通过对样品进行了紫薇煤污病菌的分离培养,25℃恒温培养7~14 d后,发现每个PDA平板上分化出多个菌落,菌落形态、颜色差异性较大。后期通过纯化培养获得单一菌落的纯培养。通过紫薇煤污病菌的纯化培养获得12个菌株并对其进行编号,ZWMW-11、ZWMW-12、ZWMW-13、ZWMW-22、ZWMW-23、ZWMW-24、ZWMW-25、ZWMW-26、ZWMW-3、ZWMW-4、ZWMW-5、ZWMW-6。

选取已分离纯化的紫薇煤污病菌菌落,用烧制好的挑针挑取菌落,制作临时玻片,利用显微镜对其进行观察;通过形态学观察初步判定紫薇煤污病主要由链格孢菌、枝孢菌等多种病原菌侵染发生。利用斜面保存法和冻存管保存法将分离纯化的12个紫薇煤污病菌菌株4℃低温保存于冻存管中并建立了菌株资源库。

3.3. 紫薇煤污病病原形态学鉴定

利用显微镜进行形态学观察初步判定紫薇煤污病病原菌主要包括链格孢菌、枝孢菌等。通过形态学观察及描述初步判断ZWMW-5、ZWMW-22、ZWMW-23、ZWMW-24、ZWMW-25、ZWMW-26属链格孢菌,ZWMW-11、ZWMW-12、ZWMW-13属枝状枝孢菌,ZWMW-4属黑附球菌,ZWMW-3、ZWMW-6属聚生小穴壳菌。

ZWMW-3、ZWMW-6在 PDA培养基上菌落初为淡灰色,后渐变为褐色至深褐色,有气生菌丝,在PDA上可产生黑色子座,近圆形,具孔口,平均大小为390 μm × 680 μm;分生孢子梭形,无色,10~20 μm × 15~30 μm (如图2)。根据形态学特征与记载聚生小穴壳形态相符 [11] [12] [13]。

ZWMW-3在PDA培养基上只产生菌丝和膨大细胞,ZWMW-6在培养基上产生分生孢子器和分生孢子。

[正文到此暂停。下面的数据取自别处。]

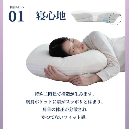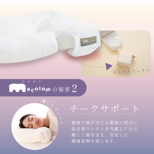 チークサポートは横寝の時、頬を優しく支え、快適に眠れます。
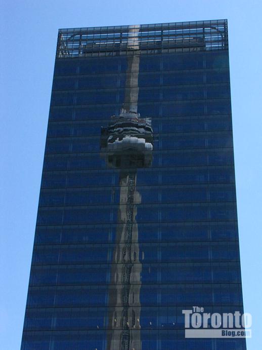 July 1 2011: Toronto’s iconic CN Tower reflects in windows on the west side of the new 26-storey PwC office building at 18 York Street.
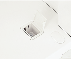袖引出しにはすべてラッチ機構を採用。地震などの際に引出しの飛び出しがなく安全です。
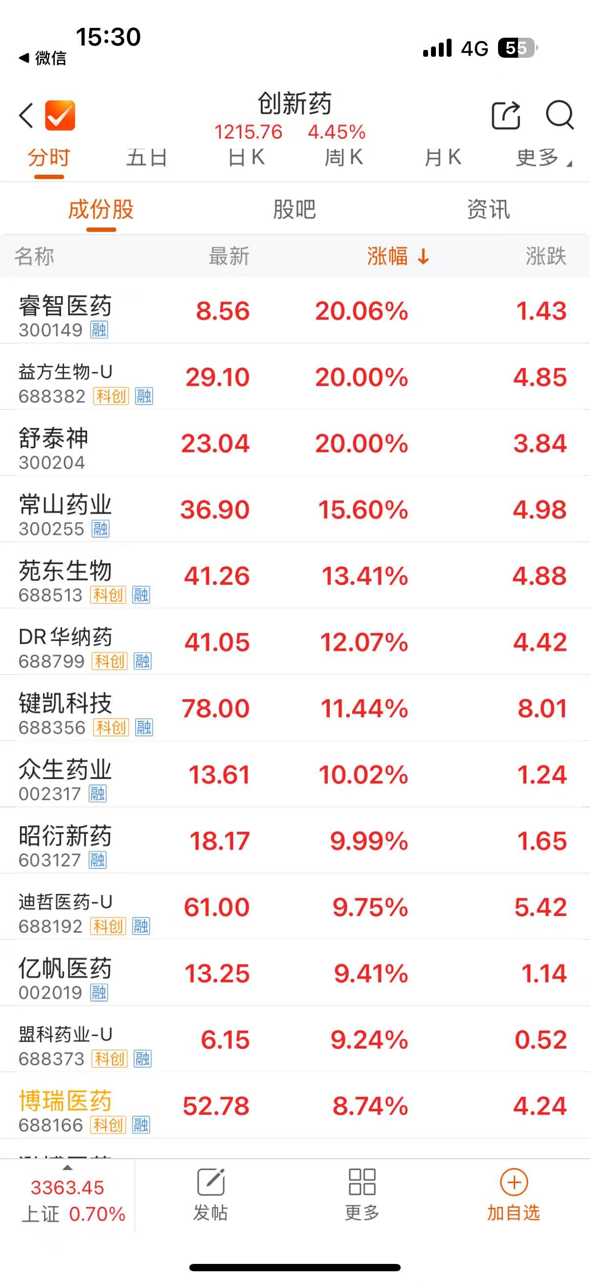 5月29日A股交易時段,創(chuàng)新藥板塊表現(xiàn)強勁,領漲市場。截至收盤,創(chuàng)新藥指數(shù)飆升4.45%,睿智醫(yī)藥(300149)、益方生物-U(688382)、舒泰神(300204)強勢漲停,漲幅均達20%,常山藥業(yè)(300255)、苑東生物(688513)、DR華納藥(688799)等多股亦大幅跟漲,板塊熱度顯著。
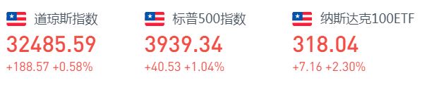 周四道指涨188.57点,或0.58%,报32485.59点;纳指涨329.84点,或2.52%,报13398.67点;标普500指数涨40.53点,或1.04%,报3939.34点。
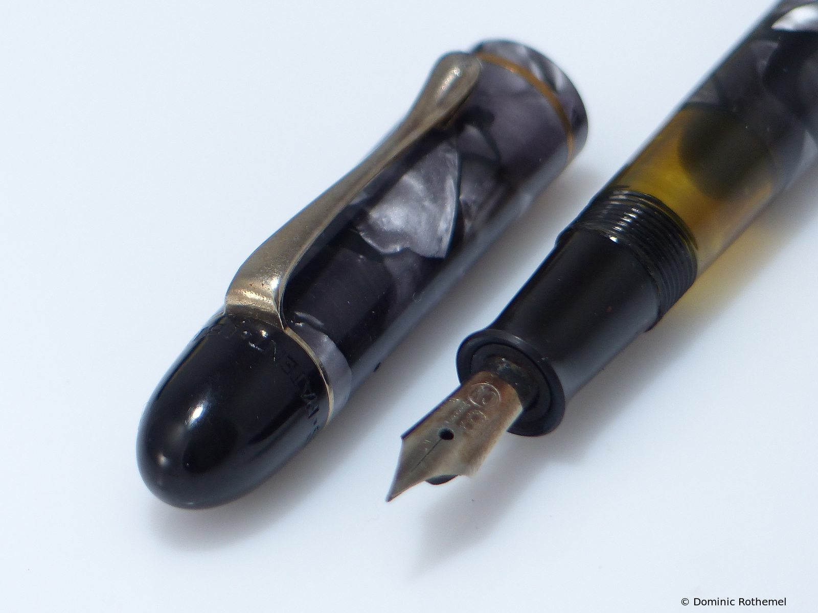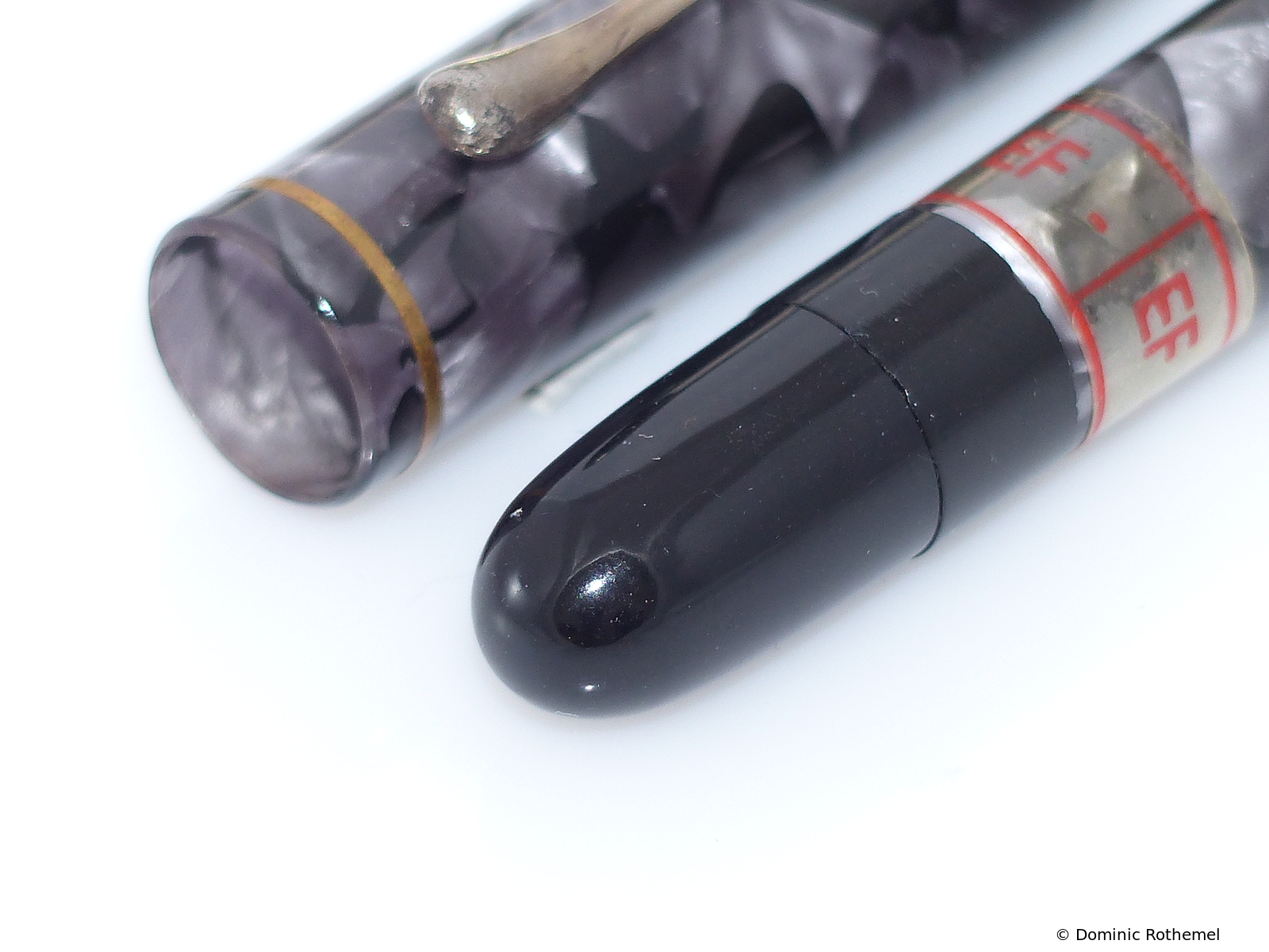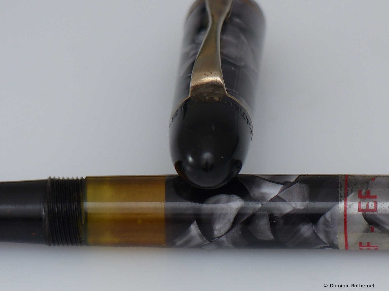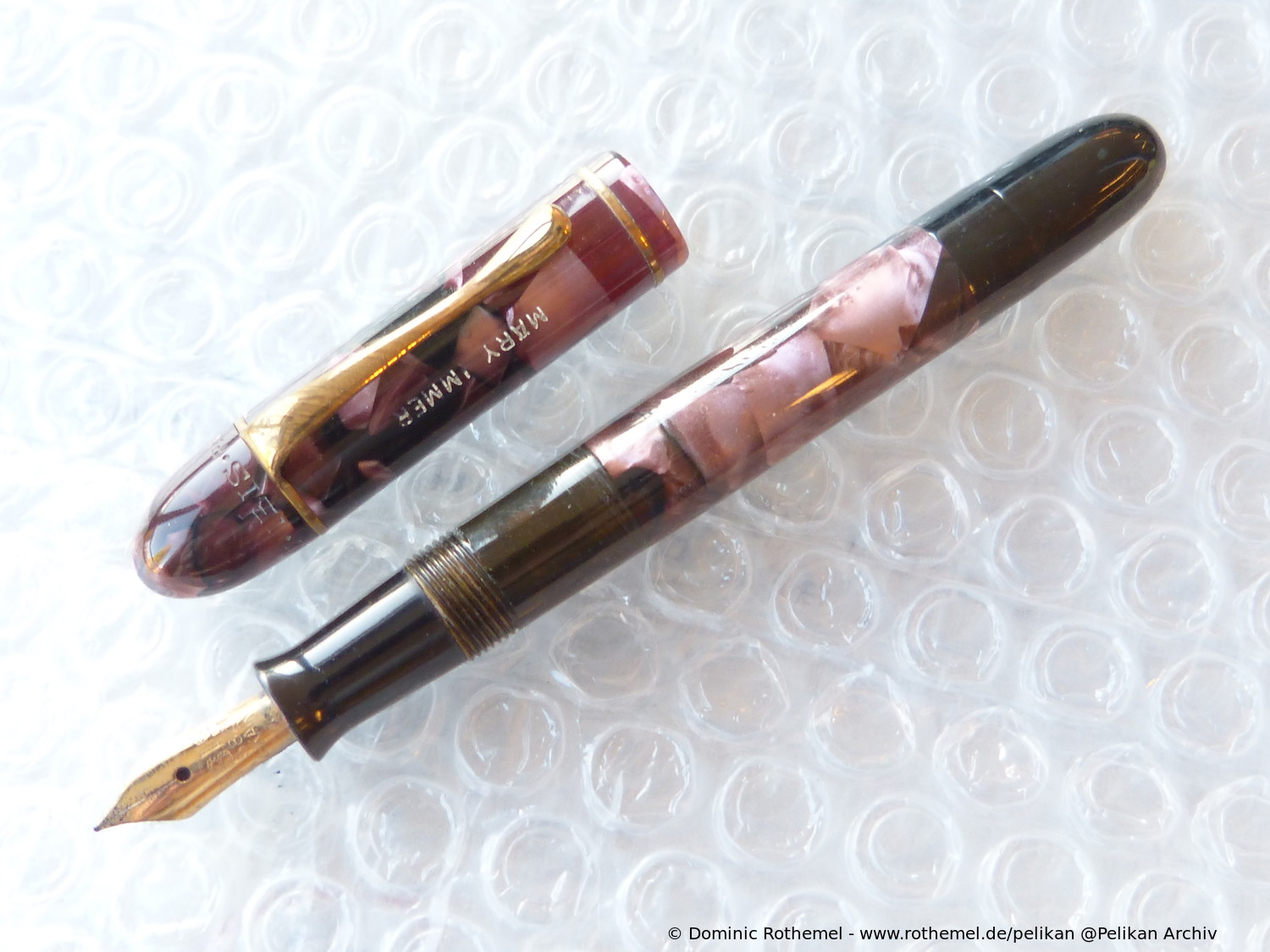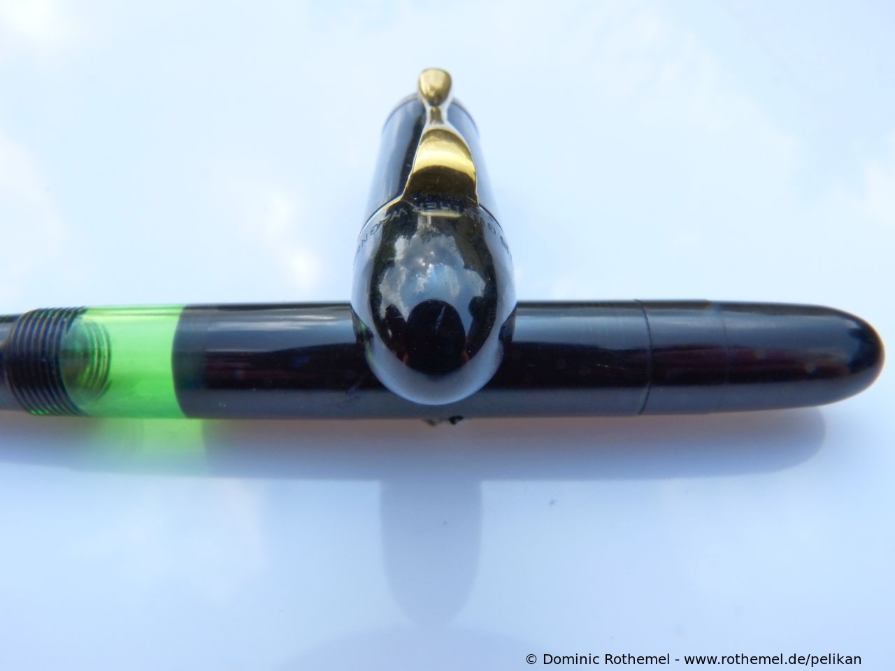 1949 Re-launch of the IBIS 130. For Germany with CN-nib. The new model is made from resin and a little bit longer than the earlier pens. Remaining stocks of ebonite caps are apparently used up, so models with mixed materials can be found.

Figure 2. Colony and morphological characteristics of ZWMW-3 and ZWMW-6. (A) ZWMW-3; A1, A2: Colony; A3: Expanded cell; (B) ZWMW-6; B1, B2: Colony; B3: pycnidium; B4: Conidia

图2. ZWMW-3和ZWMW-6菌落及形态学特点。(A) ZWMW-3;A1、A2:ZWMW-3菌落;A3:膨大细胞;(B) ZWMW-6;B1、B2:ZWMW-6菌落;B3:分生孢子器;B4:分生孢子

在PDA培养基上中心呈橘黄色,边缘白色,菌丝形成垫状菌落,在OA 培养基上菌丝呈白色,中心致密,边缘稀疏,菌落背面淡黄色。体视镜下清晰可见紧密着生在球形分生孢子座上的黑色分生孢子。菌丝体表生或埋生。菌丝无色或淡褐色,具隔膜,分枝或少数不分枝,光滑,宽1.5~2.5 μm。分生孢子座垫状,有时培养中并不明显。分生孢子梗常短粗,直立或弯曲,末端或中间着生呈链格孢状的膨大细胞,0~2隔膜,光滑,无色或极淡褐色,3~5 × 1~2 μm。分生孢子从分生孢子梗顶端膨大处生出,分生孢子呈球状、黑褐色,直径约15~30 μm (如图3)。根据形态学特征与记载黑附球菌形态相符 [14] [15] [16]。

Figure 3. Colony and morphological characteristics of ZWMW-4. (a) (b) Colony; (c) (d) Conidiophores and conidia

图3. ZWMW-4菌落及形态学特点。(a) (b) 菌落;(c) (d) 分生孢子梗和分生孢子

菌落灰黑色,铺散状,容易产生孢子;分生孢子梗淡褐色,直立或稍弯曲,单生或簇生,分隔,内壁芽生式产孢,孢痕明显;分生孢子链生,直或微弯,倒棒状,淡褐色至褐色(如图4)。

ZWMW-22分生孢子光滑,具横膈膜0~3个,纵、斜隔膜较少,仅0~2个,喙不发达,1~2个细胞,孢子大小20~120 µm × 20~40 µm。

ZWMW-23分生孢子光滑,具横膈膜0~3个,纵、斜隔膜较少,仅0~2个,喙不发达,1~2个细胞,孢子大小30~170 µm × 20~40 µm。

ZWMW-24分生孢子光滑,具横膈膜0~7个,纵、斜隔膜较少,仅0~3个,喙发达,为多细胞喙,1~6个细胞,孢子大小30~2000 µm × 10~40 µm。

ZWMW-25分生孢子光滑,具横膈膜0~3个,纵、斜隔膜较少,仅0~1个,喙不发达,1~2个细胞,孢子大小15~40 µm × 30~160 µm。

ZWMW-26分生孢子光滑,具横膈膜0~3个,隔膜加厚,纵、斜隔膜较少,仅0~1个,喙不发达,1~2个细胞,孢子大小20~50 µm × 40~190 µm。

ZWMW-5分生孢子具刺突,具横膈膜0~4个,纵、斜隔膜较少,仅0~1个,喙不发达,1~2个细胞,孢子大小20~55 µm × 40~190 µm。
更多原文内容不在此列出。